In the march, there were many signs with Viv Ansanm slogans. “Aba enjerans blan!” (Down with foreign meddling), “Viv Ansanm. Yon lòt Ayiti posib” (Let’s live together. Another Haiti is possible.), and “Liberasyon esklavaj mantal” (Freedom from ideological slavery).
“We want to live like humans,” said one woman demonstrator. “Instead they treat us like cattle without any owner. If it rains for two hours, we’ll pass two hours in misery. We can’t sleep, can’t eat. We get sick, but there are no doctors or hospitals. Help!”In closing, Krisla expressed a widespread sentiment in many of Haiti’s poor neighborhoods. “Haiti is rich. These foreign mercenaries and powers are coming after our gas and mineral wealth, our gold.”
He expressed in very personal and concrete terms the class struggle that now engulfs Haiti.

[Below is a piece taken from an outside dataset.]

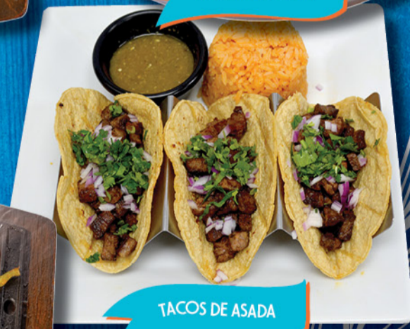
TACOS DE ASADA
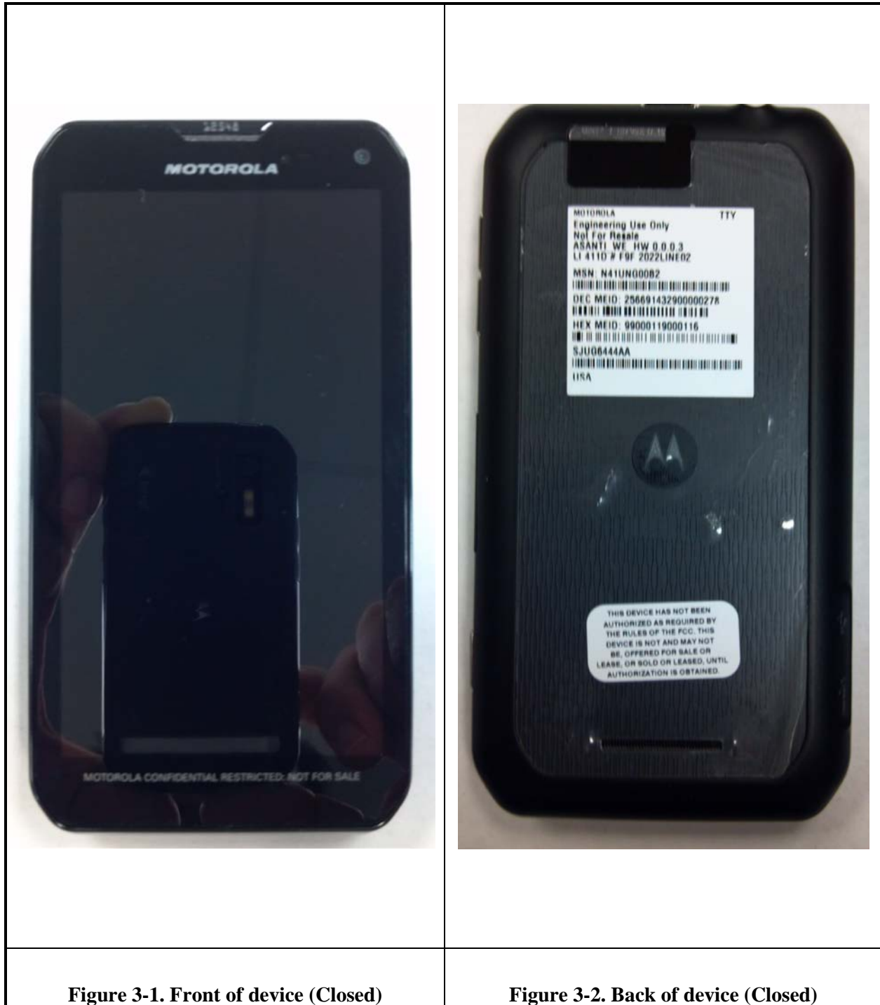
Figure 3-1. Front of device (Closed)

The radio product shapes, colors and housings/bezels may vary.

“We are of the people,” he said. “We come from the popular quarters. They say that people from our neighborhoods are not people. When Viv Ansanm comes to power, we will arrest many guys. Both politicians and bourgeois… They sell drugs, ammunition, guns, body organs. Then they put out the lie that it’s Viv Ansamn selling organs? The hospitals these things come from are not in our neighborhoods!… THEY are trafficking in organs. Everything they accuse us of doing, it’s THEY who are doing it…. One day, Haiti will change.”